October 30, 2007

Ahora

Ahora 103007.jpg
I'm chopping wood over here.

This painting was a scrape off until I saw what was underneath and liked it. Now, it's like a ship coming into port, slow and steady.

Meanwhile, I've been called into jury duty. What a mundane mandarin legal system we've built. And yet it does seem noble even when, and perhaps because it is lavished on some bunch of knuckleheads acting the fool. I figure that this is all I can write about this at the moment, so commandeth our judge. She is simultaneously stern and sweetly jocular, an interesting character who is aware of mediated ideas of the justice system in our heads and she took the time to correct for it. Today is the second day and I get to learn this day if the next two weeks of November will be consumed by a whodoneit.

The trouble is that I was planning to fly to New York early November and civic duty might blow that plan away. (I've already bought the plane tickets.)

...aaaaaaand I've got to finish that blogpost about the Murakami show. That requires some serious head wrapping, that one.

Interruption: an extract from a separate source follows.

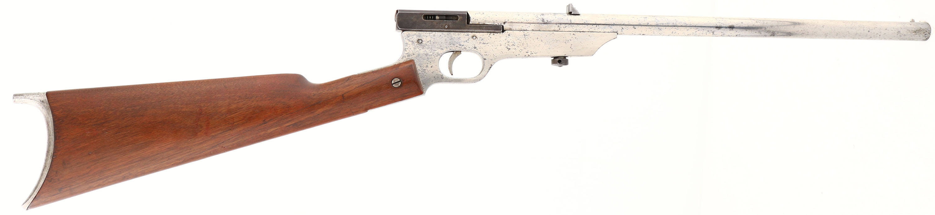 H.M Quackenbush Model ''Safety Cartridge'', .22 Cal., MFG:1896-1908, SN: NONE, Swing Gate Single Shot Rifle, 18'' round barrel. The Safety Cartridge rifle started production in 1896 to 1920, but a wood forearm was added in 1908. This is the earlier version without the forearm. The original straight grip wood stock is good & solid, having been repaired after a wrist break, sanded & refinished. It has three wood dowels used in the repair, of which the ends can be seen in the belly of the stock. The are very few tiny handling marks remaining after refinish & the stock presents very well. The nickel finish was redone after the metal was buffed polished & prepared. It's retained at over 90%, but coverage is over previous rust pitting or blemishes, & the nickel is starting to spot & dull due to corrosion developing under nickel. Stamping on left side of the receiver remain clear. Bore is clean & good, but with scarring amongst thinning rifling. Barrel is fitted with rear fixed sight & a small post blade front sight. Original early swiss style metal buttplate with nickel finish. Broke off cocking handle. Early example. Due to broken bolt handle & possibly other unseen issues, this rifle is being sold ''AS-IS'', with no returns. FFL or C&R Req. - Value: 80 to 150
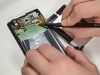 Use the tweezers to remove the Pancake connector that connects the battery to the phone.

UPDATE: I pled professional hardship. The judge jumped in, eyes on eyes: "Why didn't you say that in the beginning?" My response: "Missing a trip to NYC didn't seem to approach the level of hardship that you conveyed in your instruction." I mean, people were getting out based on weddings and pregnancies. She looked to the lawyers --they had been sorting twelve from over seventy five jurors, jockeying for a jury that might favor their side of the case-- and everyone knew that they had yet to comb through twenty more...

"You can go."

As I walked down the immense hallway of the fifteenth floor of the Superior Court Building, my feelings were mixed. There was in me the impulse to skip and sing for the blessings of sweet freedom. But there is this duty thing that I've just ducked out on, and despite the sorry fact that our justice system was being wasted on apparently lightweight hooliganism, this whole experience was a significant part of the friction that our society is placing against our natural tendency to regress to the tribalism that is gangster life in America. Some kid shot at another kid in a car one night. No one got hurt apparently. I wouldn't like to see a young lad get swept away to jail, losing any chance of entering normative (modern) society. I also wouldn't like to lend any energy to the dynamic that condemns youth to the life of the savage in the midst of all the plenty of 21st century progress either. Jury duty is a pain in the ass, but ultimately it is a noble one.